Which doesn’t mean that we shouldn’t learn from the past, or that there isn’t a great deal to learn from it. 

One lesson that comes through clearly is how much the progress over the past 200 years has been won in a few brief windows. Advances for human freedom and equality are real and, so far, irreversible; but they have been episodic rather than incremental. Besides the period of the French Revolution (outside of the scope of the book), the two great periods of revolutionary change are the decade or so during and following each of the world wars. The basic contours of electoral democracy were only firmly established in the wake of the revolutionary transformations of the First World War; the welfare state, the recognition of women’s humanity and the end of colonial empires in the wake of the Second.  

The thing to remember here is that these changes were not inevitable. They did not just happen. They were the result of titanic struggles from below — struggles which however were often aiming at other goals, which they often failed to achieve. 

A few other throughlines. One is that working-class movements have been led by relatively privileged workers. Unskilled workers are capable of occasional convulsive uprisings, but at the the core of sustained working class institutions have been workers with some degree of autonomy and social power — skilled artisans in the 19th century, machine workers and then educated white-collar white workers in the 20th. Another sustained theme: Utopians are essential to more practical movements. A vision of a radically different world provides the energy required for even incremental improvements. 

Perhaps the most important lesson of the book is that the great left victories have come when radical, disruptive anti-systemic mass movements have worked in concert with parties of government. The same people, the same organizations can never be both; but each requires the other.  To put it another way: The content of elections comes from the possibility of riots and barricades, the value of riots comes from the possibility of state power. The existence of political democracy in any substantive sense is the flip side of the possibility of disruptive challenge from below.

All this is very broad-brush and abstract; most likely you either already agreed with it, or you don’t. If you want nuance, evidence, concrete examples — well then you have to read the book.

Han Kang, Human Acts and We Do Not Part. Thanks to Arjun for introducing me to Kang; these are two of the most powerful novels I’ve read in quite a while. 

The two books have a similar structure:  Each takes a historic atrocity by Korea’s US-backed military governments — the Gwangju uprising of 1980 in Human Acts, the lesser known but even bloodier Jeju massacres of 1948-49 in We Do Not Part — and follows the aftermath down to the present, exploring how people live with its memory. In both there is a certain supernatural aspect to the afterlife of the victims. Both ask how it is possible to live when one knows that one’s government, one’s country, the respectable people in authority, have committed indescribable crimes that have never been accounted for. 

Human Acts begins in the midst of the Gwangju uprising and then moves forward in time, looking at the events from the perspective of various participants — two young men who were killed, a blue-collar worker who was imprisoned and tortured, a journalist, a publisher struggling with military censors, a writer who resembles Han Kang.
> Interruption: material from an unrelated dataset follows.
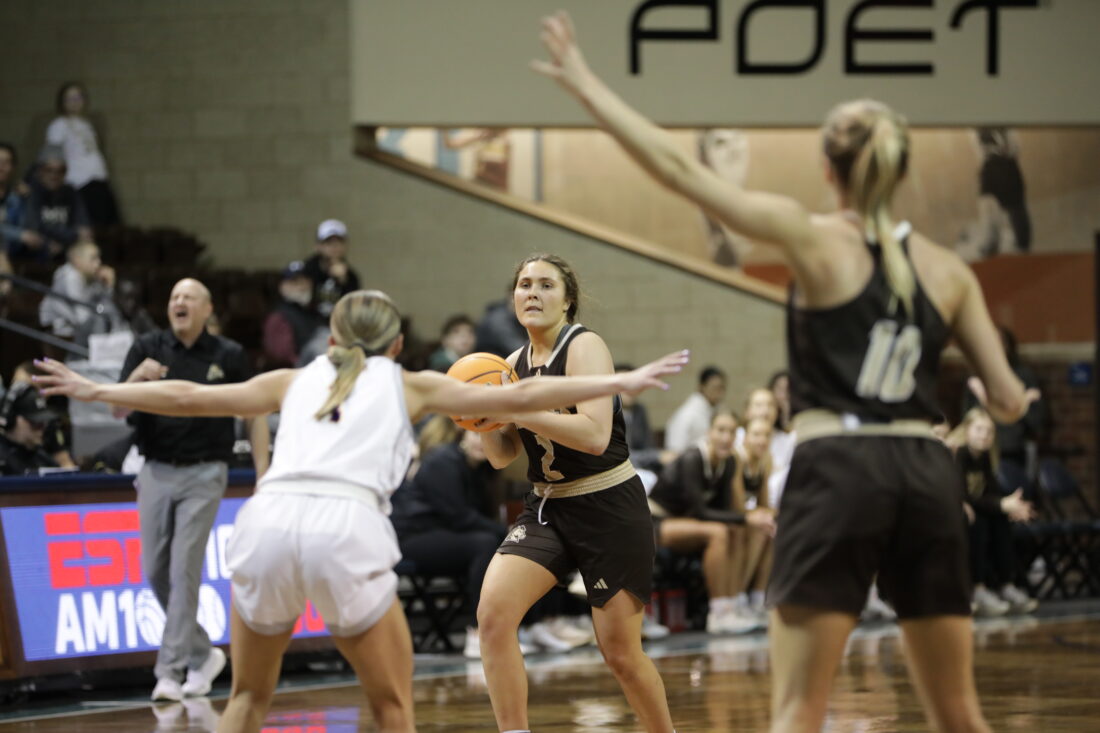 Unfortunately for the Mustangs, Wall didn’t have the opportunity to sustain her hot start. As the Mavericks attempted to inbound the ball halfway through the second quarter, Wall got tangled up with a Minnesota State defender and exited the game clutching her right shoulder. She returned in the third quarter but turned her ankle on Hannah Herzig’s foot during a scramble for a loose ball. Herzig finished the play with a fast-break layup to give the Mavericks a 67-61 lead at the third-quarter buzzer and Wall left the game, unable to return this time. She finished the night with 15 points on 4 of 7 shooting from 3-point range.

We Do Not part goes in the other direction, starting with a Kang-like writer (perhaps the same one) in a personal crisis, whose act of kindness for a friend carries her backward to the mass murder of suspected communists at the start of the Korean War. It ends with an indelible image of hope in darkness that is almost, but not quite, extinguished. 
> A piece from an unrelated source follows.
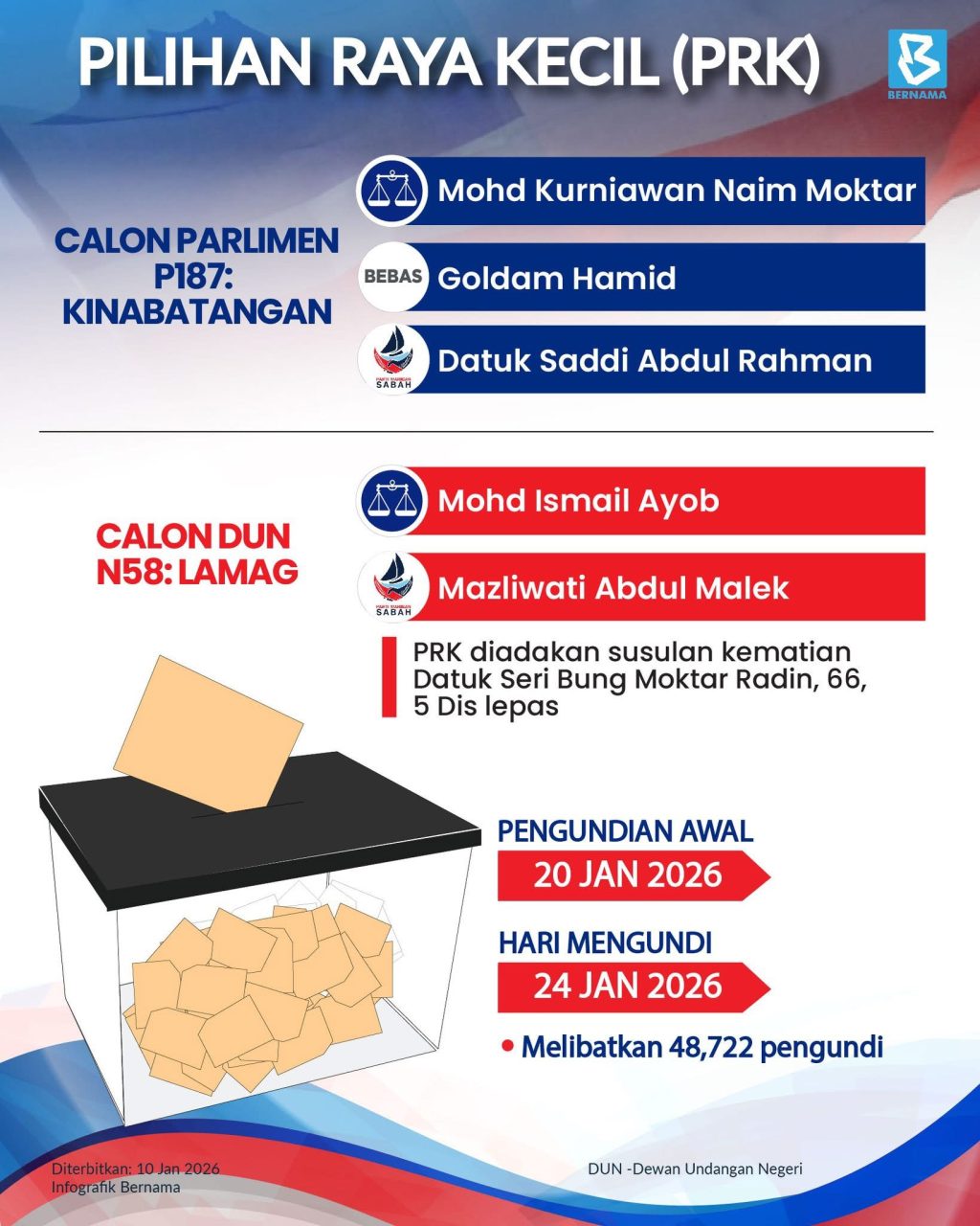 “Suruhanjaya Pilihan Raya (SPR) menerima kertas penamaan daripada tiga orang calon bagi kerusi Parlimen dan dua calon bagi kerusi DUN bagi bahagian pilihan raya P187 Kinabatangan dan N58 Lamag.

Both are beautiful books; I cannot recommend them too highly. 

Brett Christophers, The Price is Wrong: Why Capitalism Won’t Save the Planet. I originally picked this up with the intention of writing something about it, which I did not end up doing. It was a frustrating read to me — I like the author and am very sympathetic to his broader worldview, and there’s a lot of specific information in this book that is valuable and compelling. But I am unconvinced by the book’s central argument. 

A proper critique of the book deserves far more space, which I still hope to give it at some point. But here’s the short version.
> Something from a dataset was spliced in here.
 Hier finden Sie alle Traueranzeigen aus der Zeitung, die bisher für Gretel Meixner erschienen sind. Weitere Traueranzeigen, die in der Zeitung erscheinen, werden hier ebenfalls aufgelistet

The core of Christophers’ argument is that while the cost of renewable energy is falling rapidly, that does not mean that the private power companies will adopt it. They are motivated by profit, and renewables, despite being cheaper, are not more profitable. So a transition away from fossil-fuel based electricity generation will also require a transition to public ownership, or to a non-capitalist economy more broadly.

I believe down to my bones that moving away from the pursuit of profit as the organizing principle of social life is possible, and necessary, and matters for almost everything. But I don’t think Christophers’ argument gets you there.

There are a couple basic problems with his argument. First, profit is the difference between the sale price of a commodity and its cost of production. So to say anything about differences in profit, across technologies or industries or over time, one needs to analyze the determination of cost and price independent of each other. But Christophers doesn’t do this. He instead frames his analysis in terms of the awkward portmanteau “cost-price.” 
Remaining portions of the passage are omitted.